Гораздо больше тревожили судью журналы и газеты, которые ему присылали анонимно. Они были сложены так, чтобы имя судьи бросалось прямо в глаза. Как правило, оно было жирно обведено карандашом, а иногда на него указывала короткая ярко-красная стрела. Один такой журнальчик, украшенный кругом и красной стрелой, напечатанный, как выражался судья, на «оберточной бумаге из мясной лавки», был получен сегодня утром. Помимо своей воли судья, как завороженный, дочитал все, что было отчеркнуто, до конца. Там было написано:
«Интересно было бы задуматься над тем, как проведет судья день 22 августа. Не устроит ли он в этот день вечеринку? Не пригласит ли своих близких друзей, не откупорит ли бутылку старого портвейна, доставленную на сию священную землю лет сто назад, и не провозгласит ли он радостный тост за смерть сапожника и разносчика рыбы? А может быть, судья проведет день наедине со своей чистой совестью, гордый сознанием исполненного долга? Или, быть может, облаченный в доспехи собственной добродетели и непогрешимости, он сохранит привычный распорядок дня, не допуская и мысли о том, что сегодняшний день чем-нибудь отличается от всех прочих дней?
Как бы ни поступил судья, мы ему не завидуем. Поэт сказал: „И славы путь приводит лишь к могиле“. Как бы ни решил судья провести понедельник 22 августа, он все время будет помнить о том, что и он смертен. Где-то в глубине души у него все время будет звучать роковое напоминание: не судите, да не судимы будете».
Сперва судья был не столько расстроен, сколько удивлен тем, что прочел; он сердито перелистал журнал, желая выяснить, какое из красных, коммунистических, революционных, социалистических или анархистских издании позволило себе по его адресу такой недопустимый выпад. К своему изумлению, он обнаружил, что прочитанная им тирада была напечатана в центральном органе протестантской секты, близкой к той, к которой принадлежал он сам. Такое открытие настолько огорчило и раздосадовало судью, что он не смог пережить его в одиночестве.

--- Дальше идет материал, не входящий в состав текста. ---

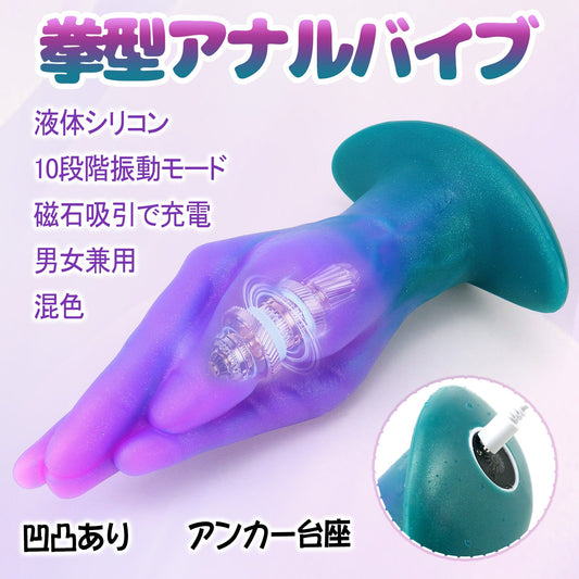TaRiss's 拳型アナルバイブ 10段階振動モード 凹凸あり 磁石吸引で充電 アンカー台座 液体シリコン

Тогда он позвонил пастору своего прихода и попросил его зайти. Пастор был в этот день занят; он спросил, нельзя ли отложить визит на вечер. Они договорились, что пастор придет в пять часов и останется обедать. Разговор происходил утром, судья, не предполагал, что остаток дня принесет ему новые испытания и ему трудно будет переживать их одному.
В действительности обстоятельства приняли несколько неожиданный оборот. В этот день жизнь так и не захотела оставить судью в покое. Непрерывным потоком шли послания, телеграммы и заказные письма, не умолкая звонил телефон — сколько бы судья ни изображал оскорбленную добродетель, он все равно был в невменяемом состоянии. К пяти часам ему срочно понадобился совет духовного наставника и друга. Можно понять поэтому его облегчение, когда он услышал знакомые шаги и увидел, что пастор вступил на тенистую веранду. Судья поздоровался с ним с неожиданной горячностью. Но пастор понимал, что сегодня, вероятно, необычный день в жизни судьи, и поэтому приготовился отнестись снисходительно к любой, даже самой неожиданной выходке старика.